Pienso también en otra Nochebuena: La noche previa a la Navidad, cuando solemos festejar con la tradicional cena familiar una de las fechas más significativas del calendario cristiano. Esa Nochebuena está definitivamente ligada a mi historia personal, con particular énfasis en sus años infantiles. Ahí está el recuerdo de la reunión anual y única de la familia Pinchetti, en la casa de mis abuelos. Los tíos y los primos departiendo en torno a una gran mesa adornada precisamente con flores de Nochebuena. El árbol de Navidad, los regalos, la cena, los infaltables pleitos familiares.

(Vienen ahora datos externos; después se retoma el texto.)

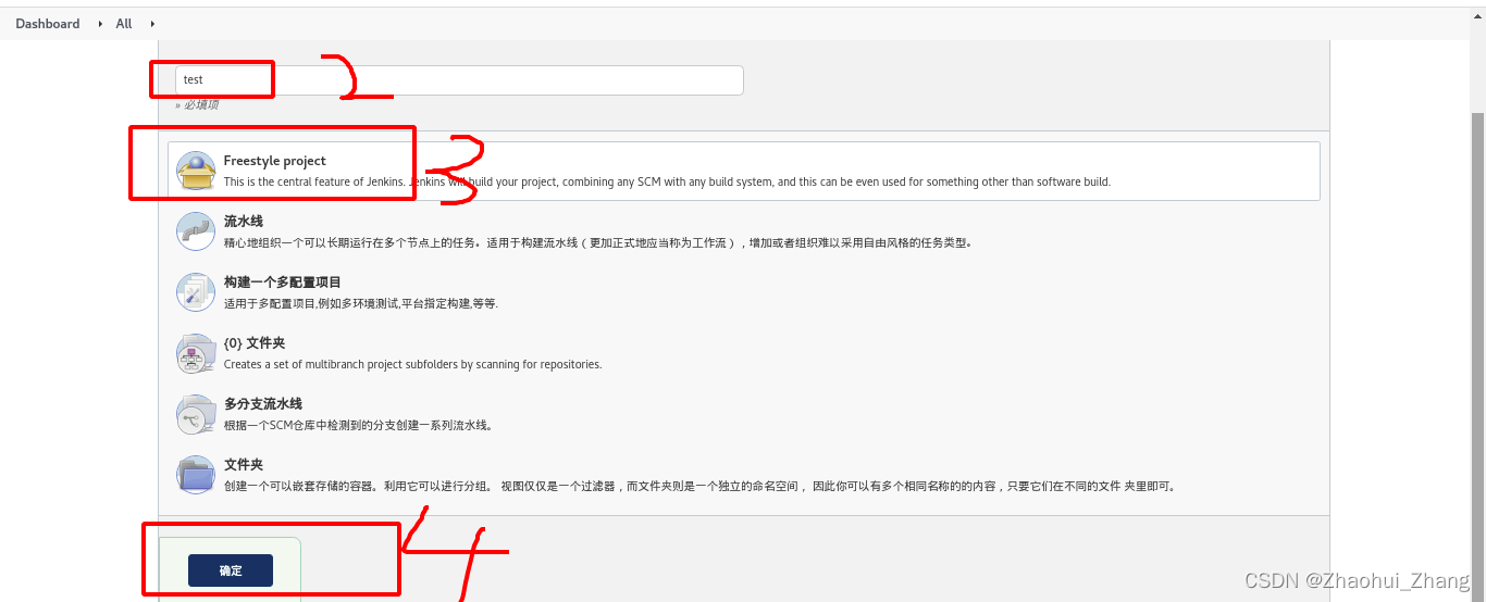 在jenkins中新建项目: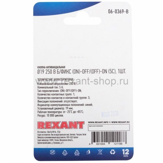 Кнопка антивандальная ?19 250В Б/Фикс (5с) (ON)-OFF/(OFF)-ON синяя (A19-C1) REXANT (в упак. 1шт.)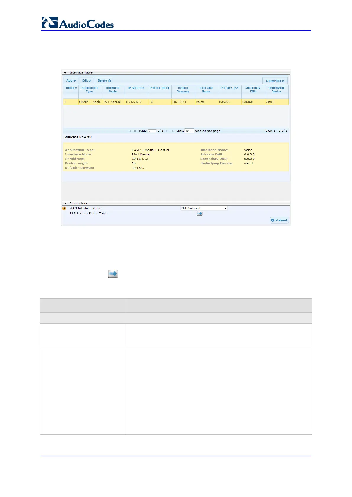 1. Open the Interface Table page (Configuration tab > VoIP menu > Network > IP

Hubo una vez, ya fallecidos los abuelos, que mi tía Adelita (hermana de mi madre, Emily) y mi tía María Luisa (prima de ambas), se enfrascaron en una acalorada diatriba por dilucidar quién era “el rey de la Navidad”. Mi tía Adelita postulaba a su padre, Humberto, en tanto que María Luisa lo hacía con el suyo, Romeo. Hay que aclarar que Humberto y Romeo (llegados a México de Lugano, Suiza italiana), eran hermanos, que habían casado con dos hermanas. El caso es que aquella confrontación marcó el inicio de una decadencia de las reuniones navideñas, que acabaron por desaparecer.

De manera más íntima, mis recuerdos –y nostalgias– de esa época del año incluyen desde luego las posadas del club Vanguardias y el Nacimiento que mi madre en persona instalaba en algún corredor de la casa, con sus figuras italianas, el pesebre de palma, el musgo verde, las ramas de pino olorosas… En la Navidad recibíamos como regalo ropa para todo el año, que nos traía el Niño Jesús. Los juguetes eran cortesía de los Reyes Magos.

El Santa Claus era entonces prácticamente un desconocido, apenas presente en el mostrador del Sears de Insurgentes y San Luis Potosí, en la colonia Roma, con su espesa barba blanca, su ropa roja y su carcajada permanente. Lo curioso es que el primer trabajo que tuve en mi vida, ya en plena adolescencia, fue el de entregar a domicilio fotografías de niños con Santa Claus que los dueños del negocio tomaban en la Alameda Central. Nos daban cada foto a tres pesos, para revenderla en cinco. Con mi primo Romeo nos íbamos en bicicleta a repartir. Era importante apartar una buena zona, porque con frecuencia los clientes rechazaran las fotografías u ofrecieran una bicoca por ellas. Y esas eran pérdidas, porque no había devolución.

En las referencias obligadas de estos días están los platillos de temporada, que incluyen por supuesto el pavo (que en ese tiempo se compraba vivo, unos días antes, a los campesinos que los llevaban en parvadas por las calles), los romeritos y el bacalao. En mi familia paterna, lo más entrañable era el pavo, por el relleno italiano que llevaba. Era una receta familiar heredada por mi madre, a base de salami y pan molido. ¡Inolvidable!

La otra Nochebuena que no olvido en estas fechas es la cerveza, que sólo en esta época se consigue, porque es de producción limitada: estupenda. Válgame.